Reputation: 5485
The code below is completely reproducible when n_jobs=1
at cross_validate
function, but not so when n_jobs=-1
or 2
.
import numpy as np
from sklearn.tree import DecisionTreeClassifier
from sklearn.datasets import load_iris
from sklearn.model_selection import cross_validate,RepeatedStratifiedKFold
class DecisionTree(DecisionTreeClassifier):
def fit(self,X,Y):
weight = np.random.uniform(size=Y.shape)
return super().fit(X,Y,sample_weight=weight)
def main():
X,Y = load_iris(return_X_y=True)
rks = RepeatedStratifiedKFold(n_repeats=2,n_splits=5,random_state=42)
clf = DecisionTree(random_state=42)
res = cross_validate(clf,X,Y,cv=rks,n_jobs=2)['test_score']*100
return res.mean(),res.std()
if __name__=='__main__':
np.random.seed(42)
print(main())
Please note the np.random.uniform
call at fit
function. The code is also completely reproducible without such numpy calls. It is mentioned here that numpy.random.seed
is not thread-safe. But I saw no mention of this in sklearn's FAQ, according to which providing random_state
everywhere should suffice.
Is there anyway to use both numpy random calls and multiprocessing in sklearn while maintaining full reproducibility?
EDIT: I think it reproduces fine if we put n_jobs>1
inside estimators that take it, while instantiating RandomForestClassifier
for example.
Upvotes: 1
Views: 177
Reputation: 16213
it would appear your DecisionTree
class should be using the random_state
that was passed in.
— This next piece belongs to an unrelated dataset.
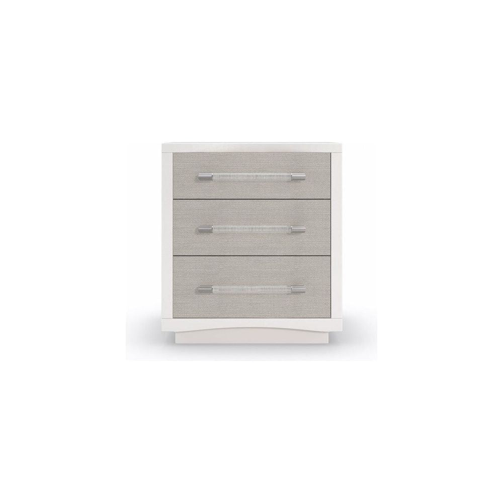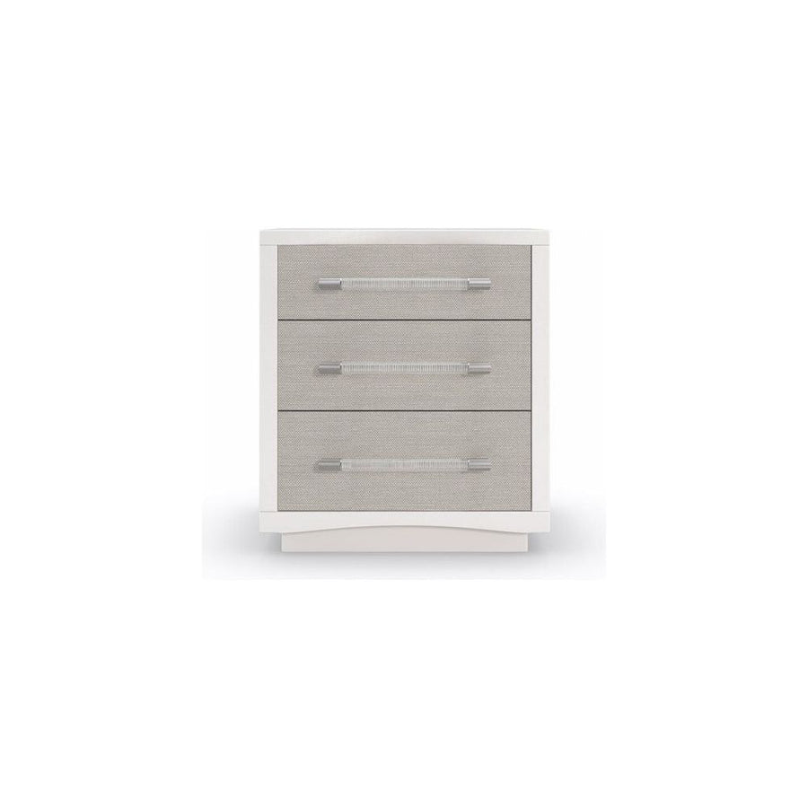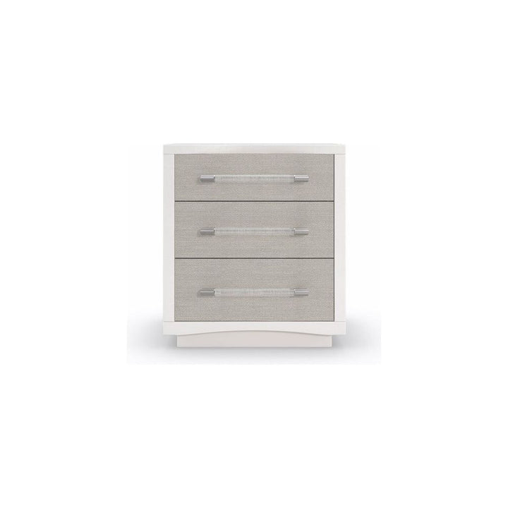 Features: Case in Pearly White Textured.Three drawers with raffia fronts in Sun-kissed Silver and soft close undermount guides.Drawer interior in Pearly White Smooth.Wire management holes in back panel.USB port
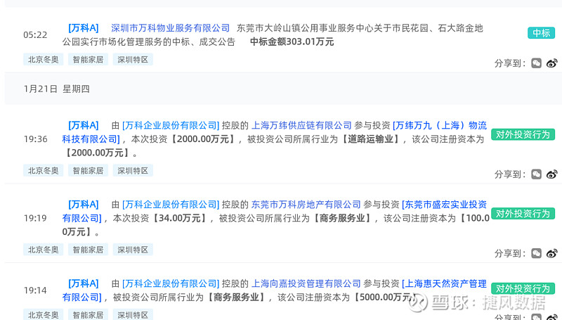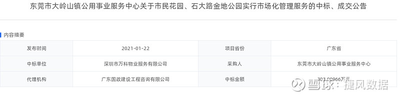 万科A(000002):每股净资产 14.8元,每股净利润 3.06元,历史净利润年均增长 28.1%,预估未来三年净利润年均增长 20.04%,更多数据见:万科A000002核心经营数据 万科A的当前股价 28.11元,市盈率 8.35,未来三年的估值假设和预期收益率如下:15倍PE,预期收益率 182.44%;20倍PE,预期收益率 276.59%;25倍PE,预期收益率 370.74%;30倍PE,预期收益率 464.88%。 捷风数据2021-01-22根据公开信息搜集发现:【万科A,000002】的深圳市万科物业服务有限公司《东莞市大岭山镇公用事业服务中心关于市民花园、石大路金地公园实行市场化管理服务的中标、成交公告》,公示金额为303.01万元。 以下是【万科A,000002】信息摘要的截图: 数据来源:捷风数据_jiefengnews 接下来,我们小编整理了近期【万科A,000002】的部分经营动态如下,各位大佬可以参考: 1、捷风数据于2021-01-22根据公开信息搜集发现:【万科A,000002】的深圳市万科物业服务有限公司《东莞市大岭山镇公用事业服务中心关于市民花园、石大路金地公园实行市场化管理服务的中标、成交公告》,公示金额为303.01万元; 2、捷风数据于2021-01-21根据公开信息搜集发现:【万科A,000002】的万城城市设计研究(深圳)有限公司《苏州虎丘投资建设开发有限公司关于苏州山塘街四期更新与活化研究咨询方案中标公告》,公示金额为428.8万元; 3、捷风数据于2021-01-20根据公开信息搜集发现:【万科A,000002】的深圳市万科城市建设管理有限公司《六联小学扩建项目施工总承包资审及业绩公示》; 4、捷风数据于2021-01-19根据公开信息搜集发现:【万科A,000002】的成都万兴绿建科技有限公司《中建科技集团新建东升星空小学项目叠合板采购招标》; 5、捷风数据于2021-01-19根据公开信息搜集发现:【万科A,000002】的上海万科物业服务有限公司《安泰经济与管理学院大楼物业管理服务中标公告》,公示金额为615.2万元; 6、捷风数据于2021-01-18根据公开信息搜集发现:【万科A,000002】的深圳市万科城市建设管理有限公司《南山区中医院建设项目医疗工艺设计与咨询(重新招标)(二次)资审及业绩公示》。 以下是【万科A,000002】部分经营动态的截图: 数据来源:捷风数据_jiefengnews 了解更多【万科A,000002】的信息,请关注我们捷风数据的动态。 作者:捷风数据_jiefengnews $万科A(sz000002)$ 作者:捷风数据原文链接:https://xueqiu.com/2536037617/169516774 转载请注明:www.51xianjinliu.com » 万科A东莞市大岭山镇公用事业服务中心关于市民花园石大路金地公园实行市场化管理服务的中标成交公 喜欢 (0)or分享 (0)

I get consistent results when do:
from sklearn.utils import check_random_state
class DecisionTree(DecisionTreeClassifier):
def fit(self, X, Y):
rng = check_random_state(self.random_state)
weight = rng.uniform(size=Y.shape)
return super().fit(X, Y, sample_weight=weight)
but otherwise do as you do. note that with this change you can also remove the call to np.random.seed(42)
as the RNG state is explicitly set everywhere it needs to be
Upvotes: 2